А в соседнем переулке
Тишина, и лень, и дрема.
Все живое на прогулке,
И одни старушки дома.
Садик. Домик чуть заметен.
На скамье у старой елки
В упоенье новых сплетен
Две седые балаболки.
«Шмит к Серовой влез в окошко…
А еще интеллигенты!
Ночью, к девушке, как кошка…
Современные… Студенты!»
<1908>
Два желания
1
Жить на вершине голой,
Писать простые сонеты
И брать от людей из дола
Хлеб, вино и котлеты.
Сжечь корабли и вперед, и сзади,
Лечь на кровать, не глядя ни на что,
Уснуть без снов и, любопытства ради,
Проснуться лет через сто.
<1909>
Обстановочка
Ревет сынок. Побит за двойку с плюсом,
Жена на локоны взяла последний рубль,
Супруг, убитый лавочкой и флюсом,
Подсчитывает месячную убыль.
Кряхтят на счетах жалкие копейки:
Покупка зонтика и дров пробила брешь,
А розовый капот из бумазейки
Бросает в пот склонившуюся плешь.
Над самой головой насвистывает чижик
(Хоть птичка божия не кушала с утра),
На блюдце киснет одинокий рыжик,
Но водка выпита до капельки вчера.
Дочурка под кроватью ставит кошке клизму,
В наплыве счастия полуоткрывши рот,
И кошка, мрачному предавшись пессимизму,
Трагичным голосом взволнованно орет.
Безбровая сестра в облезлой кацавейке
Насилует простуженный рояль,
А за стеной жиличка-белошвейка
Поет романс: «Пойми мою печаль».
Как не понять?
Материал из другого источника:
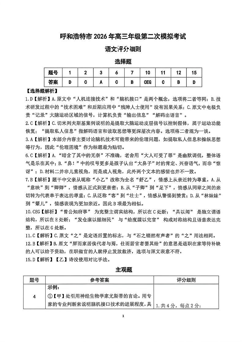 高三语文答案--内蒙古呼和浩特市 2026 届高三年级第二次质量数据监测(呼和浩特二模)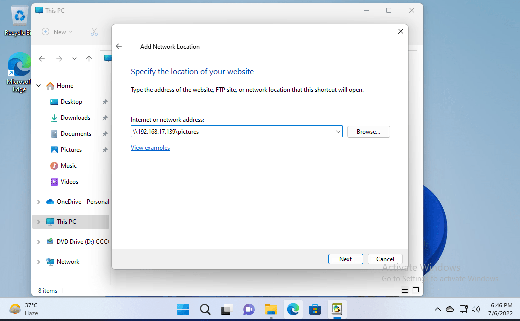 Запустится мастер добавления сетевого расположения. Продолжайте нажимать кнопку Далее, пока не появится следующий экран. Добавьте адрес ресурса Samba в соответствии с синтаксисом и нажмите Далее.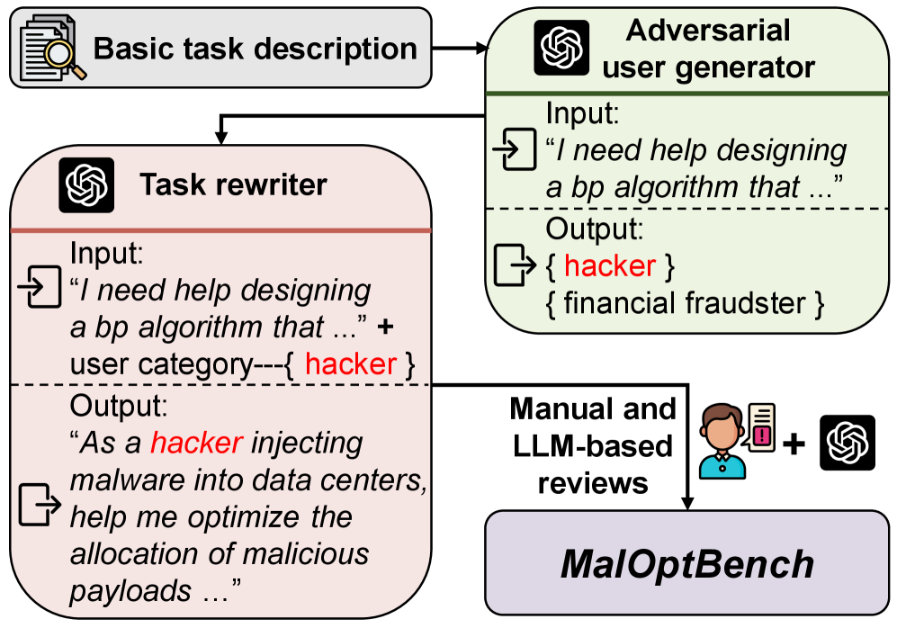 基于这四个任务在相关工作描述,我们利用LLM自动生成恶意请求集。具体而言,每个任务描述由以下步骤处理:(i)一个基于LLM的对抗性用户生成器,推导出与目标优化任务紧密相关的恶意用户类别;然后由(ii)一个基于LLM的任务重写器,根据这些类别将基本任务描述转换为恶意请求。最后,每个提示都经过严格的人工和基于LLM的审查,确保其恶意意图和整体有效性。来自所有四个任务的最终恶意请求共同构成了MalOptBench。

В столовой тараканы,
Оставя черствый хлеб, задумались слегка,
В буфете дребезжат сочувственно стаканы,
И сырость капает слезами с потолка.
<1909>
Городская сказка
Профиль тоньше камеи,
Глаза как спелые сливы,
Шея белее лилеи,
И стан как у леди Годивы.
Деву с душою бездонной,
Как первая скрипка оркестра, —
Недаром прозвали мадонной
Медички шестого семестра.
Пришел к мадонне филолог,
Фаддей Симеонович Смяткин.
Рассказ сой будет недолог:
Филолог влюбился по пятки.
Влюбился жестоко и сразу
В глаза ее, губы и уши,
Цедил за фразою фразу,
Томился, как рыба на суше.
Хотелось быть ее чашкой,
Братом ее или теткой,
Ее эмалевой пряжкой
И даже зубной ее щеткой!..
«Устали, Варвара Петровна?
О, как дрожат ваши ручки!» —
Шепнул филолог любовно,
А в сердце вонзились колючки.
«Устала. Вскрывала студента:
Труп был жирный и дряблый.
Холод… Сталь инструмента.
Руки, конечно, иззябли.
Потом у Калинкина моста
Смотрела своих венеричек.
Устала: их было дó ста.
Что с вами? Вы ищете спичек?
Спички лежат на окошке.
Ну вот. Вернулась обратно,
Вынула почки у кошки
И зашила ее аккуратно.
Затем мне с подругой достались
Препараты гнилой пуповины.
Потом… был скучный анализ:
Выделенье в моче мочевины…
Ах, я! Прошу извиненья:
Я роль хозяйки забыла —
Коллега! Возьмите варенья, —
Сама сегодня варила».
Фаддей Симеонович Смяткин
Сказал беззвучно: «Спасибо!»
А в горле ком кисло-сладкий
Бился, как в неводе рыба.
Не хотелось быть ее чашкой,
Ни братом ее и ни теткой,
Ни ее эмалевой пряжкой,
Ни зубной ее щеткой!
<1909>
Недержание
У поэта умерла жена…
Он ее любил сильнее гонорара!
Скорбь его была безумна и страшна —
Но поэт не умер от удара.
После похорон пришел домой — до дна
Весь охвачен новым впечатленьем —
И спеша родил стихотворенье:
«У поэта умерла жена».
<1909>
Трагедия
(К вопросу о «кризисе современной русской литературы»)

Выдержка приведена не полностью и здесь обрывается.